Obama Retirement Plan: White House to Help 30 Million Access Plans

Obama Retirement Plan: White House to Help 30 Million Access Plans

President Obama has a plan that his administration says may help 30 million more Americans gain access to retirement savings plans.

The president is expected to outline the Obama retirement plan in his fiscal 2017 budget.

Currently, one-third of all working Americans do not have access to a retirement plan through their jobs, according to the White House. That statistic includes 75% of people working part-time and 50% of the small business workers.

Obama Retirement Plans
Can Obama increase retirement savings for those not saving now?

Additionally, Americans are very unlikely to save for retirement on their own if they are not given access to a retirement plan through their employer, the White House says. Only 10% of working Americans without an employer plan put aside savings in their own retirement accounts.

How the plans will help

One of the Obama retirement plan expected proposals would make it easier for different small businesses to come together and provide retirement savings plans for their employees, The Hill reports. Specifically, the president is hoping to enable more employers to share the costs of administering retirement savings plans for their workers.
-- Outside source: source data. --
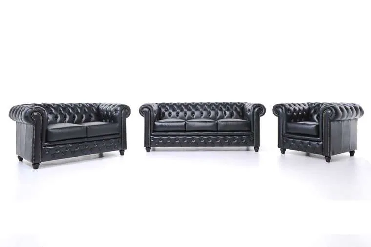 Chesterfield Original leather Black 1 + 2 + 3-sjedištaOva kombinacija, iz House of Chesterfield-ovog vrhunskog modela Original, dostupna je u više različitih kombinacija. Ruka zanatlije u ovim komadima namještaja od goveđe kože jasno je prepoznatljiva po prekrasno završenim detaljima, poput zakovica i udobnih naslona za ruke i leđa.Jedan od najvažnijih materijala pri proizvodnji dobrog Chesterfielda je koža. Namještaj Chesterfield ručno je izrađen od visokokvalitetne polu-anilinske kože, koja se zatim lakira.Duga tradicija zanatstva vidljiva je kroz udobnost i izgled Originala.Originalni Chesterfield model je model koji svi poznajemo kao pravi Chesterfield.Ova kombinacija Chesterfielda od goveđe kože također je dostupna u vintage goveđoj koži i tkanini. Tehnički podaci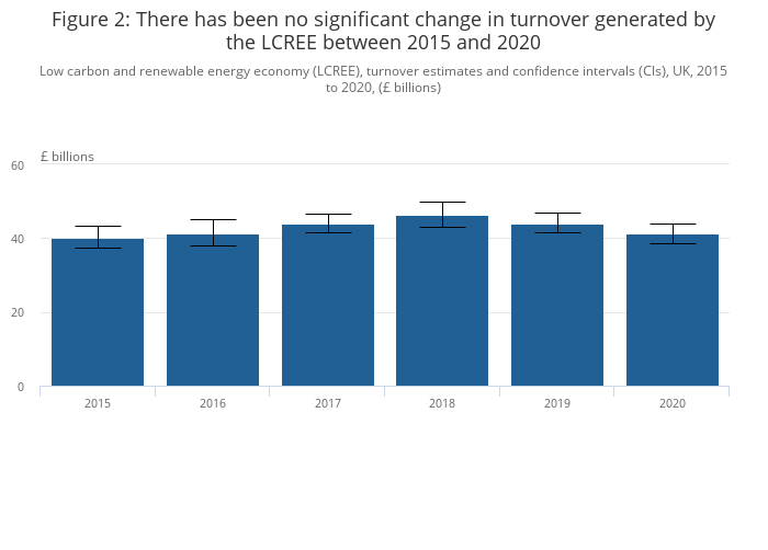 Turnover in the UK low carbon and renewable energy economy (LCREE) was estimated to be £41.2 billion in 2020, with no significant change since 2014 when the survey began.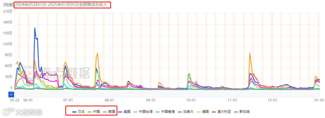 库洛旗下的《鸣潮》与《无限暖暖》一样都是今年新上线的开放世界游戏,前者于2024年5月开启公测,首月流水达4.65亿是后者的4.74倍,然而值得注意的是,两者在国服的首月流水几乎是一致的,都在7400万元左右,差距主要出在海外市场,《鸣潮》高达3.91亿,《无限暖暖》仅为2390万。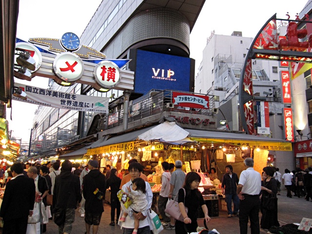 The fish stall at the base of the building is Ishiyama Shoten. The large building in the center is the Ameyoko Center Building.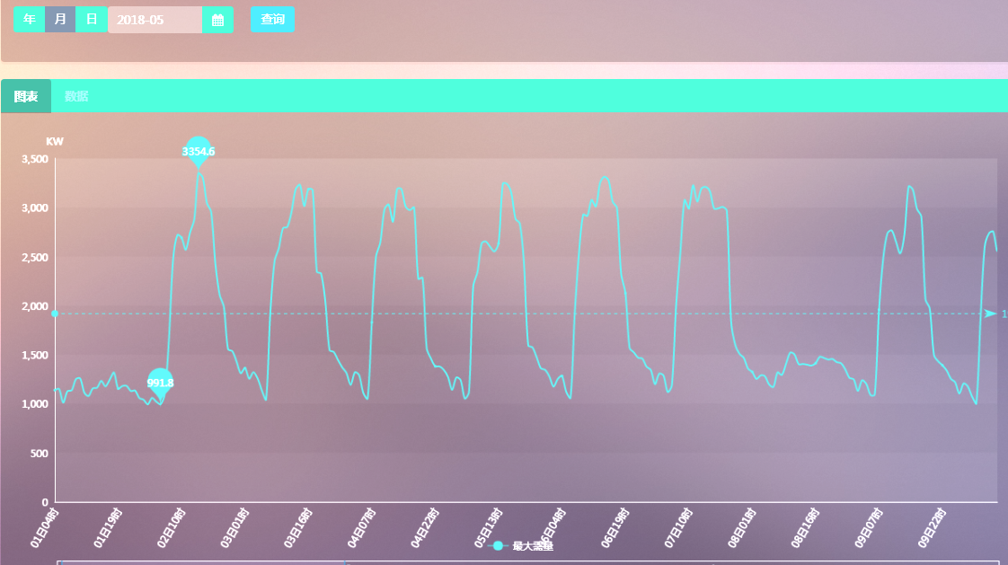 根據對該企業監測負荷曲線一段時間后,發現該企業每月固定的一兩次尖峰值是由大功率設備開啟造成,因此,對該企業大功率設備的開啟時間進行調整,尖峰負荷下降400KW,對最大需量值進行調整,每月節省基本電費12800元。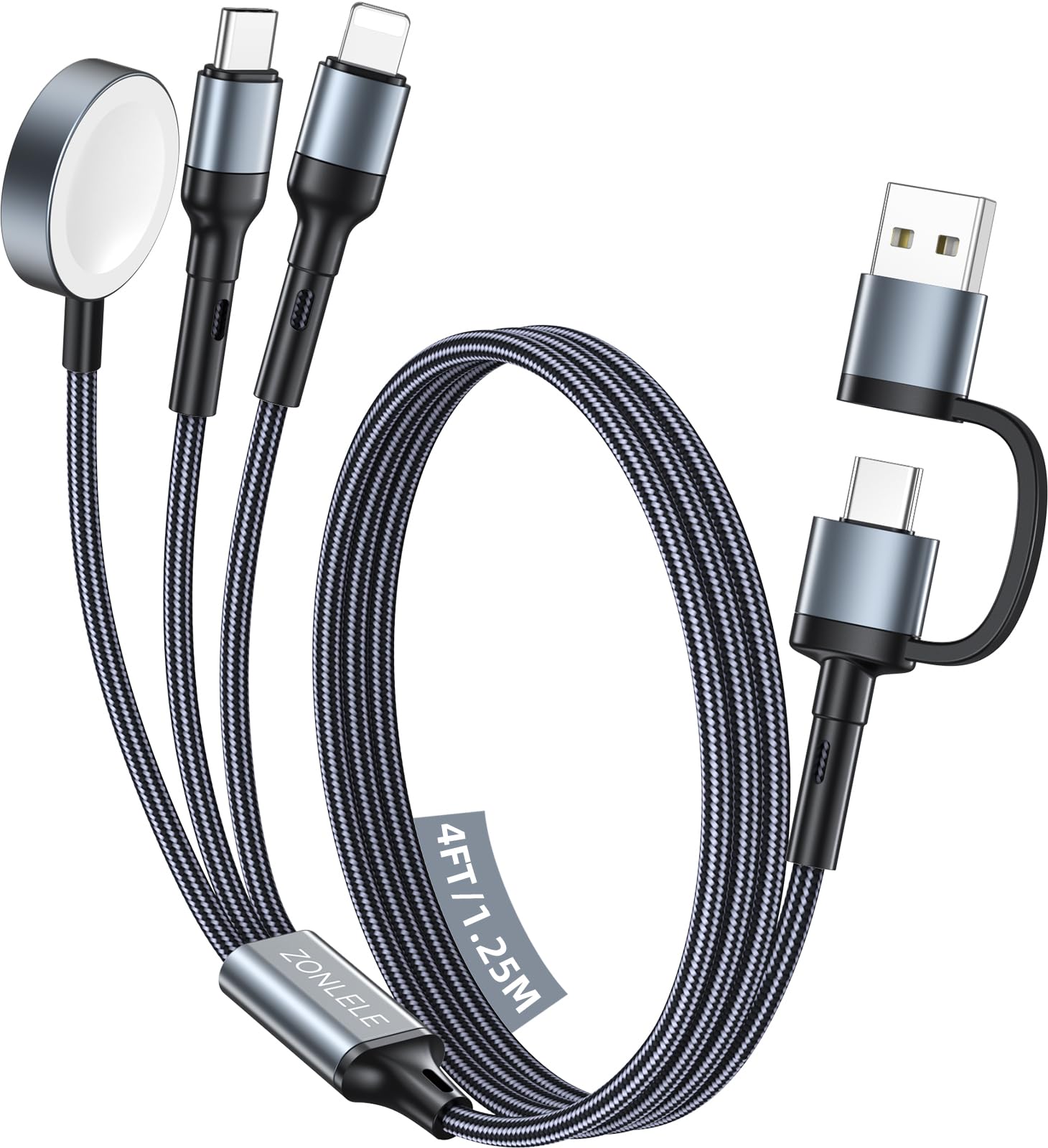 Cable de carga múltiple 5 en 2 para cargador de Apple Watch: entrada USB A/C, Lightning/tipo C/Micro/Mini B/salida inalámbrica, co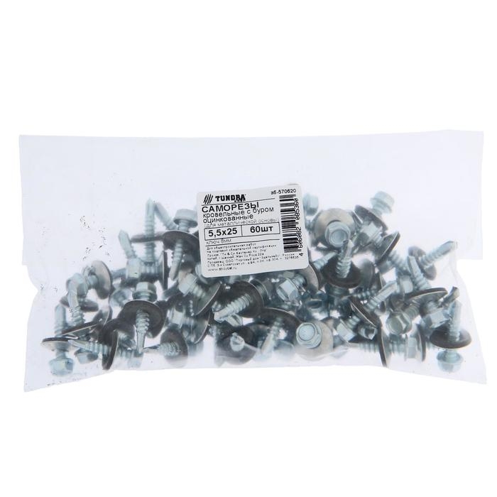 Саморезы кровельные ТУНДРА krep с буром 5.5x25 мм, цинк, 60 шт.

Obama is also expected to propose tax credits for employers who provide or expand their retirement coverage, as well as making it easier for part-time workers to gain access to retirement plans. Additionally, the administration is expected to to propose requiring employers that do not provide their own retirement plans to enroll workers in individual retirement accounts (IRAs) automatically.

Obama is also planning to create new rules that make it easier for individual states to come up with their own ideas to increase retirement saving.

How you can help yourself

Providing people with increased access to retirement savings plans can be beneficial, but problems with saving for retirement are more related to individuals’ behavior, according to some certified financial planners. As humans, we aren’t very good savers to begin with.

So, what are some steps an employee can take if his or her employer doesn’t offer a retirement savings plan?

First, the employee can ask his or her employer why they don’t have one, says Corey Purkat, a certified financial planner who is also the founder and CEO of Northwoods Fiduciary Advisors in Minneapolis.

The question might prompt the employer to reconsider, but regardless of whether a plan is offered, ultimately the employee always has the option to start his or her own retirement plan.

“At the end of the day, we have to be responsible for ourselves,” Purkat says.

The bottom line? Saving money for retirement can be inherently difficult.

“Saving takes discipline,” he explains.

Still, there’s hope that more and more private employers will begin to offer retirement savings plans.

“I believe that the private industry is doing a much better job of having retirement plans in place for businesses, and more and more businesses are starting to add retirement plans every single day,” Purkat says.

If you are on your own, using a retirement calculator can help you know how much to save — which can be a great motivator for saving.